Structural model of the E cluster connected to actin. All components of the 3 × 3 lattice, E-cadherin, p120, β-catenin, and α-catenin (color-coded, labeled, and shown in surface representation), satisfy constraints imposed by cis and trans interactions of cadherins (encircled; Right) in the extracellular space (between the two cellular membranes denoted as parallelepipeds). Two views of the lattice are shown. The E cluster is connected to F-actin (shown in gray surface representation) by ABD domains of α-catenin (red) via flexible linkers. F-actin is positioned in such a way that ABD domains from two adjacent rows of CCCs connect to one actin filament by binding the closest available ABD-binding site. The ABD domains (Far Right row of the lattice; dark red) are shown as bound to the rest of α-catenin.

A few details of the model are worth noting. First, only small proteins can fit into the lattice; for example, a single PDZ domain is comparable in size to the maximum spacing between β-catenins (SI Appendix, Fig. S2). Second, we are able to build models that accommodate α-catenin in its folded form, but just barely. Third, since α-catenin is known to partially unfold when binding the E-cadherin–β-catenin complex (52) and vinculin (47), we evaluated whether α-catenin with an unfurled M1 domain (ready to bind vinculin) can form a lattice with vinculin given the distance constraints imposed by cadherins. However, we could not find an arrangement without serious clashes (see Materials and Methods for details).

We also assessed whether erbin and scribble would be able to fit into the cytoplasmic region of the E cluster. These two CAPs are composed of leucine-rich repeat (LRR) and PDZ domains, whose sizes are compared with inter-CCC spacings in SI Appendix, Fig. S2. The figure shows two views of CCCs in a row along two distinct dimensions of the lattice. The view in SI Appendix, Fig. S2, Left has larger spacings between adjacent CCCs, and it appears from the figure that there is room for a PDZ domain of erbin or scribble there, but not LRR. We have tried fitting the domains into the lattice, but we found no orientation for the LRR domain without clashes (see Materials and Methods for details), suggesting that erbin and scribble cannot be accommodated in the E cluster.

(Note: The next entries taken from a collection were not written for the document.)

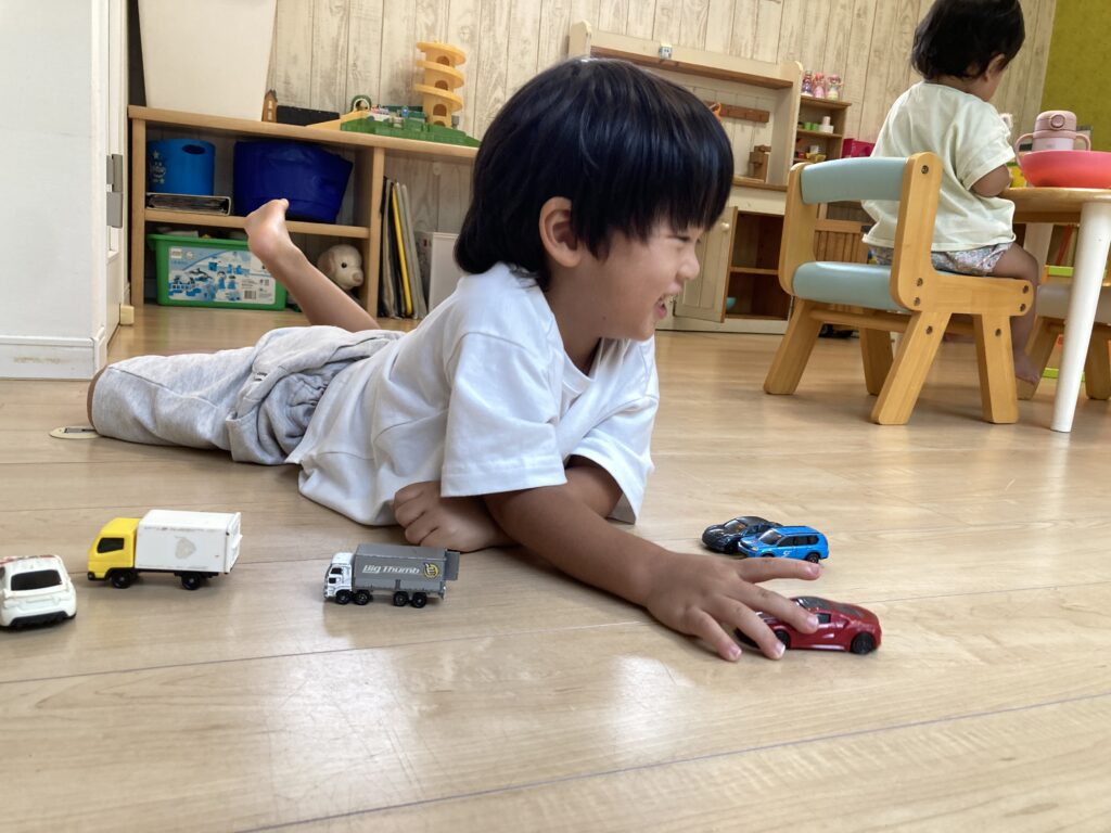 3歳さん、少しもじもじしていましたが、トミカが大好きとのことで、託児室のトミカを紹介したら、入室して遊び始めました
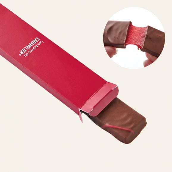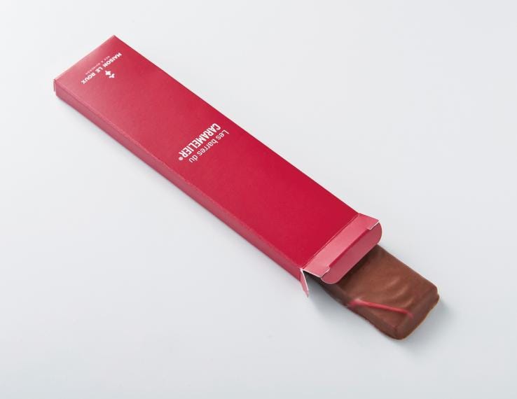メゾン・ルルー定番のキャラメルを薄くのばし、チョコレートをコーティング。
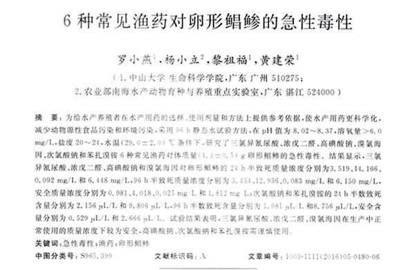 6種常見漁藥對卵形鯧鲹的急性毒性
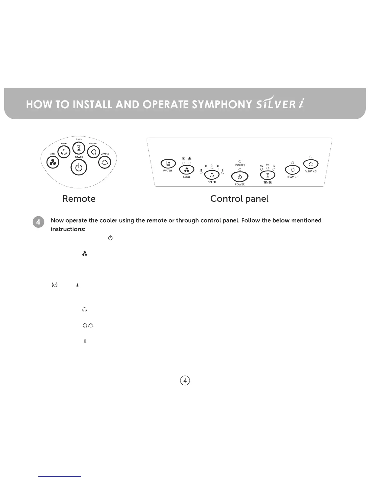 (a) POWER (ON/OFF) [ ] : Press the button to switch ON/OFF the cooler. Icon will glow with blue colour at ON

The 67A4 mAb Is Recruited into AJs through Junction Reassembly.

Although the observations reported above involve cytoplasmic proteins, in order to gain mechanistic insights, and as proof of principle, we studied the effects of mAbs that target the E-cadherin ectodomain but do not block cadherin trans interactions. We anticipated that such mAbs, given their size, could not be incorporated into the ordered extracellular lattice of E clusters and, in parallel to intracellular CAPs, might form separate clusters. We used mAbs 67A4 and 5H9 that recognize E-cadherin epitopes located on the contiguous EC1 and EC2, and EC2 and EC3 domains, respectively, both of which are outside of the E-cadherin trans adhesive interface (53). A standard hanging-drop adhesion assay showed that in contrast to the function-blocking SHE78-7 mAb, which completely abolished aggregation of A431 cells, both 67A4 and 5H9 mAbs did not prevent cell aggregation. The resulting cell aggregates exhibited only minor changes; they were more irregular in shape in the presence of the 67A4 mAb, and were smaller in size in the presence of the 5H9 mAb (SI Appendix, Fig. S3A). Because all results with these mAbs lead to identical conclusions, only experiments with the 67A4 mAb are presented below.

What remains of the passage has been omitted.